Abstract

Close-in explosive charges, such as improvised explosive devices, produce localized blast loadings that can potentially cause damage to property in military and civil structures and/or loss of life. Because the localized short-duration blast pulse affects most severely a small area of a plated structure, the plate’s boundary effects are not as influential as they would be when quasi-static or even a global blast loading is applied, and thus full plate action may not be used. Many common structural forms are composed of individual plated elements, and thus the investigation of localized blast loading effects on plates is an important aspect that leads to understanding the integral behavior. Typically, plates are made of ductile metallic materials, such as steel, which exhibit considerable postyield deformation capacity when subjected to such extreme dynamic loads. An analytical study of the dynamic plastic response of rigid plastic plated structures is the aim of the current study. A circular plate is studied in the present work, and a general form of a localized blast loading function with a spatial variation having a central radial zone with constant pressure and exponentially decaying profile outside the zone is assumed. Assuming that steel exhibits perfectly plastic behavior and considering transverse shear and rotatory inertia effects, using the approach developed previously, results for the permanent transverse displacements and response durations are found in terms of an applied impulsive velocity, which is a function of the applied localized blast load.

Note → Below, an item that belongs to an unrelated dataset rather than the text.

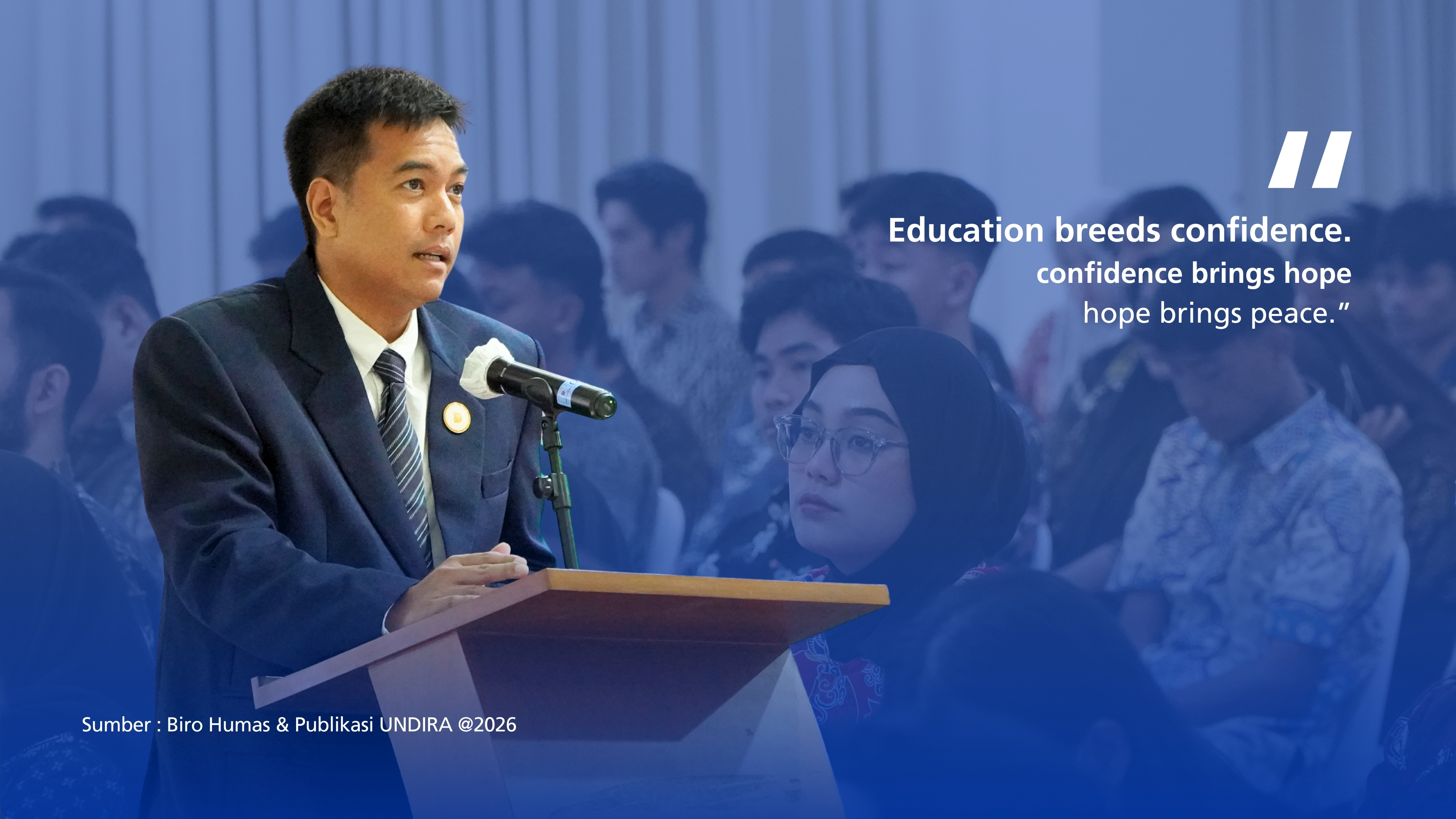 “Teman-teman sekalian, melihat situasi saat ini, saya teringat kembali dengan salah satu filosofi yang dikemukakan Confucius yang berbunyi ‘education breeds confidence, confidence brings hope and hope brings peace’. Saat ini dunia tidak lagi berpihak secara absolut kepada kekuatan semata, melainkan kepada mereka yang memiliki keingintahuan untuk berinovasi, keberanian untuk memimpin dan mencoba, dan juga adaptif nan bijaksana dalam perubahan yang menghampiri hidupnya.” lanjut beliau

It is found that the influence of transverse shear is only relevant for small values of ν, or plate radius-to-thickness ratio, which do not correspond to typical plate geometries found in plated structures subjected to blast loading. Both midpoint and support displacement are only significantly affected by transverse shear effects for ν≤5. The same argument is extended to inclusion of rotatory inertia. It is also seen that, for close-in blasts, the effects of transverse shear and rotatory inertia are irrelevant, even for small values of ν.